26 Mart 1972’de Ünye’de, Nato’ya ait bir radar istasyonunda görevli suçsuz, hiçbir şeyden haberi olmayan iki İngiliz, bir Kanadalı teknisyeni kaçırarak “Deniz Gezmiş, Hüseyin İnan ve Yusuf Aslan’ın serbest bırakılmasını” isterler hükümetten.
Deniz’ler ellerine hiç silah bile almamışlarken, sanki onlar adına hareket ediyormuş izlenimi veren Mahir Çayan gibi birileri onlar adına cinayetler işlemektedir ortalıkta.
Devlet, Kızıldere’de muhtarın evinde kıstırır bunları.
Teslim olun çağrılarına “devrimci sloganlar atarak” yanıt verirler!

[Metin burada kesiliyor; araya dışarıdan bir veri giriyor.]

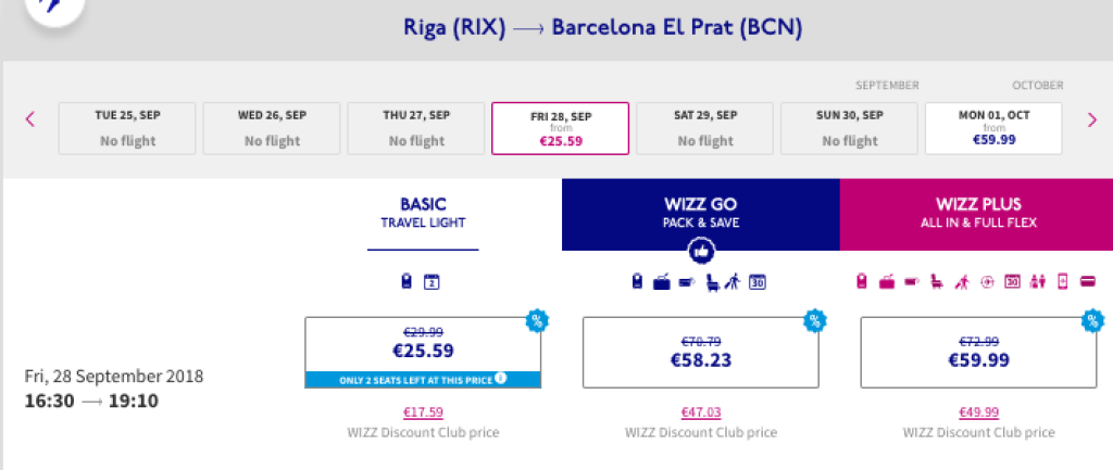 Toome välja näidiskuupäevad kus kõikidel piletitel on hinnad alla 40€. Momondo.ee näitab küll hinda 40+€ aga minnes edasi Wizzairi kodulehele muutub hind soodsamaks.
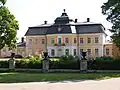 The first manor was finished in 1700, then rebuilt between 1749 and 1756 by architect Carl Hårleman for Claes Grill (I). After his death, the manor passed to his son Adolf Ulric. He was an avid naturalist and during his residence, he filled it with art and specimens of mounted animals, minerals, fossils and plants.[98] Adolph Ulric had a separate house built for his collection in 1786. He also started the construction of an English garden at Söderfors by the river Dalälven. Gustaf af Sillén completed the park, which is one of the main features in Söderfors.[100] As of 2014, the manor is a hotel and conference venue. On 20 December 1985, most of the ironworks and the surrounding area of Söderfors, a total of 91 buildings, became listed buildings, making it one of the largest listed sites in Sweden.[101] [102]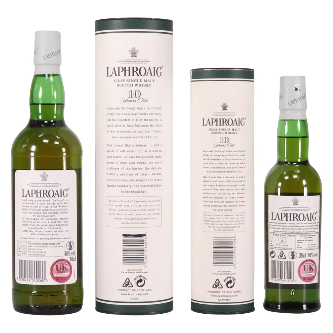 This lot contains 1 x 70cl bottle and 1 x 35cl bottle of the medicinal, 10 year old single malt from Islay's bestselling distillery, Laphroaig. In making Laphroaig, malted barley is dried over a peat fire. The smoke from this peat, found only on Islay, gives Laphroaig its particularly rich flavour.

Mahir Çayan dahil, teknisyenlerin de katili silahlı 10 kişi o gün oracıkta öldürülür.
Aralarından bir kişi sağ yakalanır.
O da samanlığa, samanların arasına saklanarak canını kurtarabilen HDP’li Ertuğrul Kürkçü’den başkası değildir!
Şimdi CHP ve CHP’liler bu rol modelin neresindeler?
Silahlı çatışmayı, anarşizmi, devrim yapmak için insanları katletmeyi savunan, bu iş için bir ara Fransa’ya götürülüp özel olarak eğitilen eli kanlı Mahir Çayan mı onların idolü…
Atatürk mü…
İsmet mi…
Yoksa kısmet mi?
Ve devrim, ve devrimcilik, tüm bunların neresinde?
Yanarım yanarım, CHP’nin hala deve mi yoksa bir kuş mu olduğunu anlayamayan sade vatandaş seçmenlerine yanarım!